Xcode 14: Publishing changes from within view updates

After updating to Xcode 14.0 beta 5 (14A5294e) I'm seeing runtime warnings on iOS when simply changing a published variable from within a button's action.

I'm wondering if this is a false positive on the warning or if there is a new pattern we're supposed to be following here.

This appears to only happen on iOS. The same reproducing code does not output that warning while running on macOS.

Here's a contrived yet complete example that reproduces it on an iPhone 13 Pro simulator while running Xcode 14 beta 5. Does not reproduce the warning when running on Ventura.



class ViewModel: ObservableObject {
    @Published var sheetVM: SheetVM?

    func showSheet() {
        sheetVM = SheetVM(delegate: self)
    }

}

extension ViewModel: SheetDelegate {
    func close() {
        sheetVM = nil
    }

}

class SheetVM: ObservableObject, Identifiable {

    weak var delegate: SheetDelegate?

    init(delegate: SheetDelegate) {
        self.delegate = delegate
    }

    func close() {
        delegate?.close()
    }
}

protocol SheetDelegate: AnyObject {
    func close()
}

struct ContentView: View {

    @ObservedObject
    var viewModel: ViewModel

    var body: some View {
        VStack {
            Button {
                viewModel.showSheet()
            } label: {
                Text("Show Sheet")
            }
        }
        .padding()
        .sheet(item: $viewModel.sheetVM) { sheetVM in
            SheetView(sheetVM: sheetVM)
        }
    }
}

struct SheetView: View {

    let sheetVM: SheetVM

    var body: some View {
        NavigationView {
            Text("Sheet View")
                .toolbar {
                    ToolbarItem(placement: .automatic) {
                        Button {
                            sheetVM.close()
                        } label: {
                            Text("Done")
                                .fontWeight(.semibold)

                        }

                    }

                }
        }

    }

}

Here's the warning and trace while tapping done on the sheet:

warning run: Publishing changes from within view updates is not allowed, this will cause undefined behavior.

Thread 1
#0	0x0000000000000000 in ___lldb_unnamed_symbol155969 ()
#1	0x0000000000000000 in ___lldb_unnamed_symbol155968 ()
#2	0x0000000000000000 in ___lldb_unnamed_symbol155988 ()
#3	0x0000000000000000 in ___lldb_unnamed_symbol180158 ()
#4	0x0000000000000000 in ObservableObjectPublisher.Inner.send() ()
#5	0x0000000000000000 in ObservableObjectPublisher.send() ()
#6	0x0000000000000000 in PublishedSubject.send(_:) ()
#7	0x0000000000000000 in specialized static Published.subscript.setter ()
#8	0x0000000000000000 in static Published.subscript.setter ()
#9	0x0000000000000000 in ViewModel.sheetVM.setter ()
#10	0x0000000000000000 in key path setter for ViewModel.sheetVM : ViewModel ()
#11	0x0000000000000000 in NonmutatingWritebackBuffer.__deallocating_deinit ()
#12	0x0000000000000000 in _swift_release_dealloc ()

I face the same problem.
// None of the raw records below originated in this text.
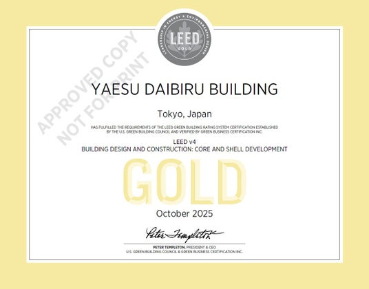 ダイビル株式会社(社長:丸山卓、本社:大阪市北区、以下「当社」)は、2025年6月30日に竣工した「八重洲ダイビル」において、米国の建物環境認証システムLEED 認証建物新築カテゴリーである「LEED v4 Building Design and Construction: Core and Shell(LEED v4 BD+C: CS)」にて「LEED GOLD(R)」を取得しましたのでお知らせします。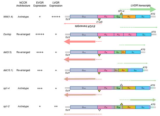 Schematic representation of NCCR architecture and EVGR and LVGR expression pattern of BKPyV strains. BKPyV NCCR architecture, Sp1 binding sites and expression levels are schematically summarized for the archetype (WW1.4), the laboratory-derived rr-NCCR (Dunlop), isolates from kidney transplant patients carrying rearranged NCCRs: BKPyV rr-NCCR del(5.3) and del(15.10) genome, as well as the BKPyV archetype NCCR carrying point mutations inactivating Sp1 binding to LVGR-proximal (sp1-4) and EVGR-proximal binding sites (sp1-2). Sp1 binding to the directional (non-palindromic) sequences is indicated as yellow triangle, dashed-line triangles indicate point mutations. The sequence blocks O, P, Q, R and S are indicated by coloured boxes and their respective length in base pairs in subscripts. The relative expression levels of the EVGR and the LVGR is represented by the thickness of the red and green arrows, whereby +++++, very strong; to + weak (see references [24,29,30]).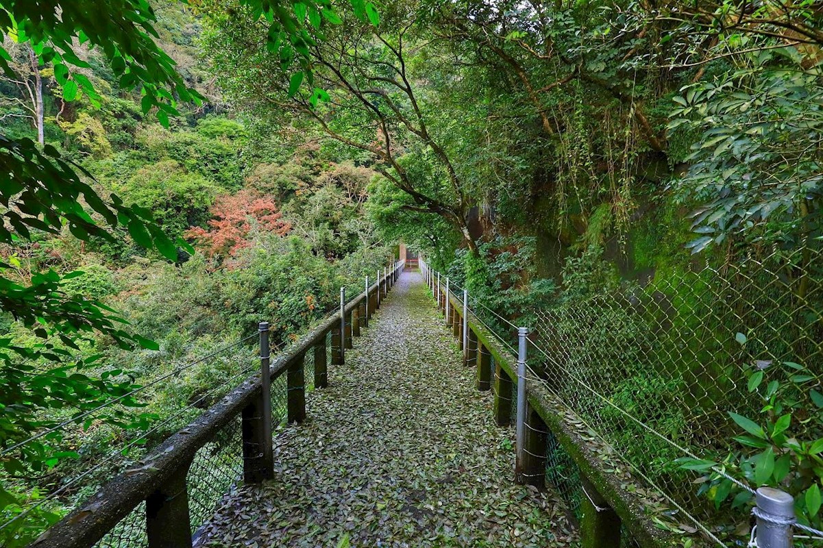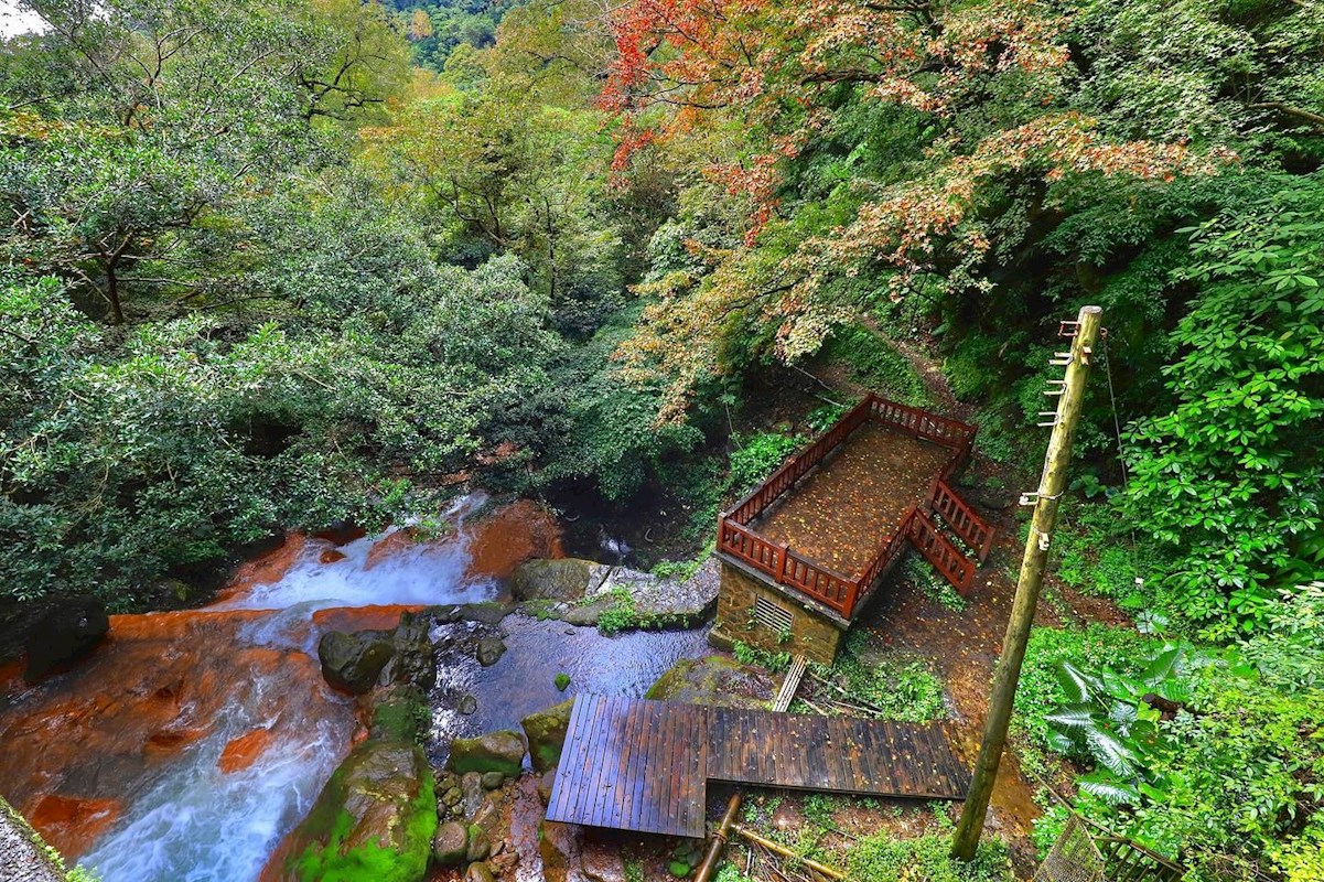 這趟旅程除了可以品嘗到甘甜的「藍寶石礦泉水」,還像是一場有趣的叢林冒險!行走在陽明山森林步道中,穿越被自然磺氣染成金色的「草山水管橋」,橋下清澈溪水潺潺流過,兩側綠意盎然,彷彿闖入一座隱世秘境。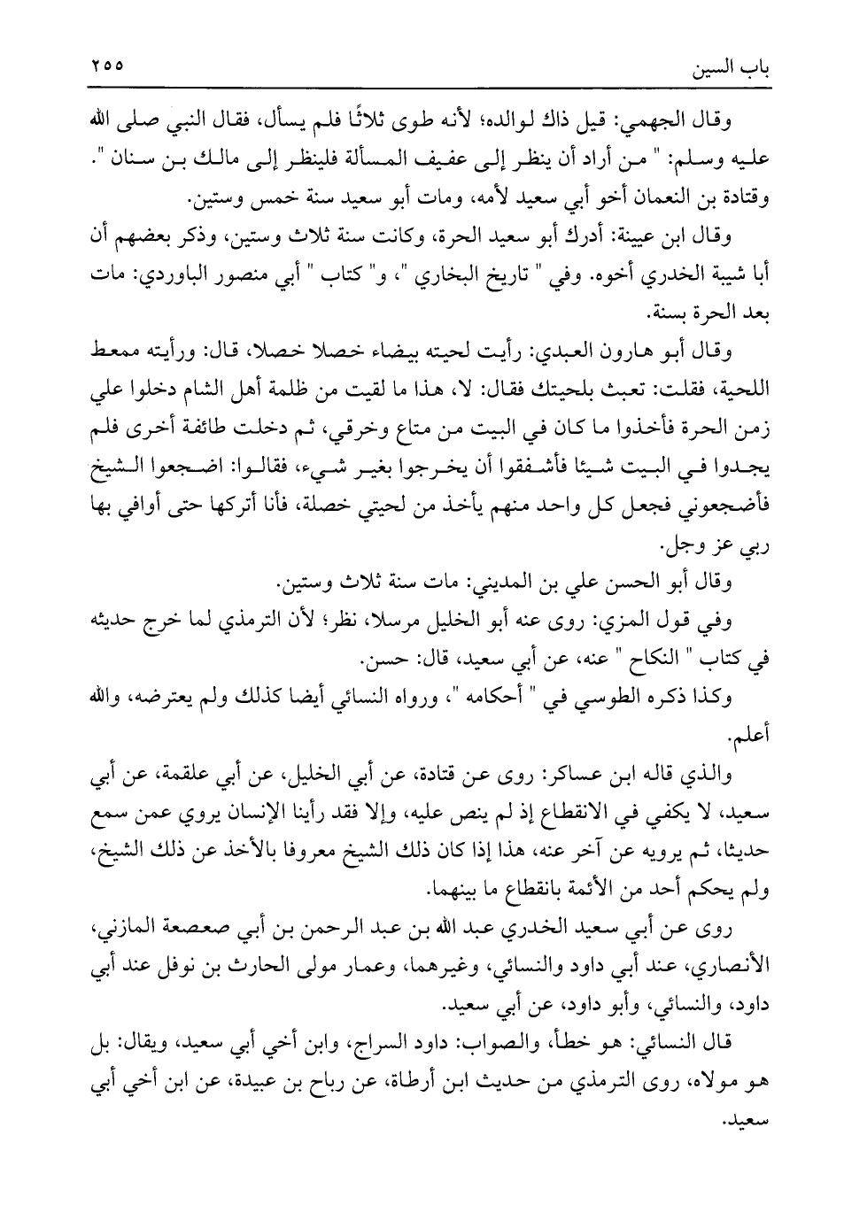 وقال الجهمي: قيل ذاك لوالده؛ لأنه طوى ثلاثًا فلم يسأل، فقال النبي صلى اللَّه عليه وسلم: "من أراد أن ينظر إلى عفيف المسألة فلينظر إلى مالك بن سنان". وقتادة بن النعمان أخو أبي سعيد لأمه، ومات أبو سعيد سنة خمس وستين.
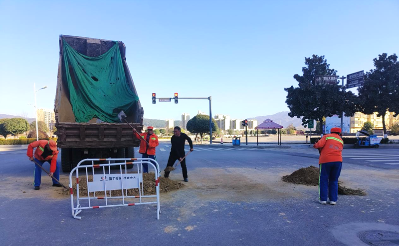 随后,执法队人员迅速联系附近的环卫工人一同帮助清理现场,在执法人员、环卫工人和司机的共同努力下,很快便将遗撒物及时清理完毕。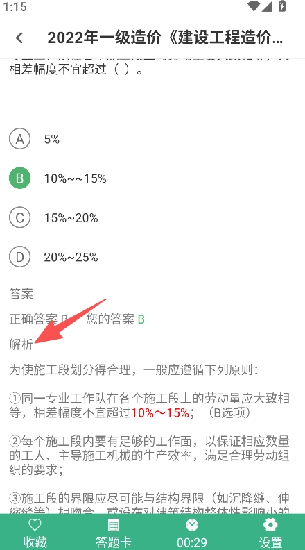 答题后配备对应解析,解析说明知识点相关原则,辅助深入理解题目对应的考点内容。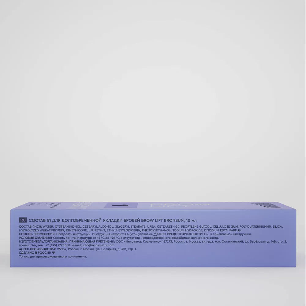 Состав #1 для долговременной укладки BROW LIFT BRONSUN используется на первом этапе долговременной укладки бровей. Делает волоски мягкими и послушными, подготавливает их ко второму этапу. Консистенция состава кремообразная, удобно наносится и не растекается.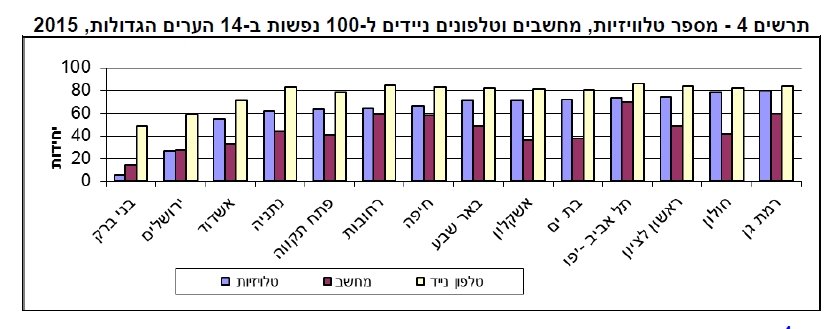 לבאר שבעים יש יותר טלוויזיות, בתל אביב קצת יותר מחוברים לאינטרנט

Chaning even a simple @Published property like Int from 1 to 2 in button action triggers the purple warning: "Publishing changes from within view updates is not allowed, this will cause undefined behavior." I believe it's an Xcode bug.

This code was producing the same warning:

struct AreaMap: View {

  @Binding var region: MKCoordinateRegion

  var body: some View {
    Map(coordinateRegion: $region)
  }
}

Where region was passed in the initializer of AreaMap from its parent view.

This resolved the issue:

struct AreaMap: View {

  @Binding var region: MKCoordinateRegion

  var body: some View {
    let binding = Binding(
      get: { self.region },
      set: { newValue in
        DispatchQueue.main.async {
          self.region = newValue
        }
      }
    )
    return Map(coordinateRegion: binding)
  }
}

For what it's worth, I'm no longer seeing the error when running on a 16.1 simulator.

I send feedback to Apple and received answer to retest this with iOS 16.2. After retesting this is not longer shown as a warning so it looks like Apple has fixed it behind the scenes.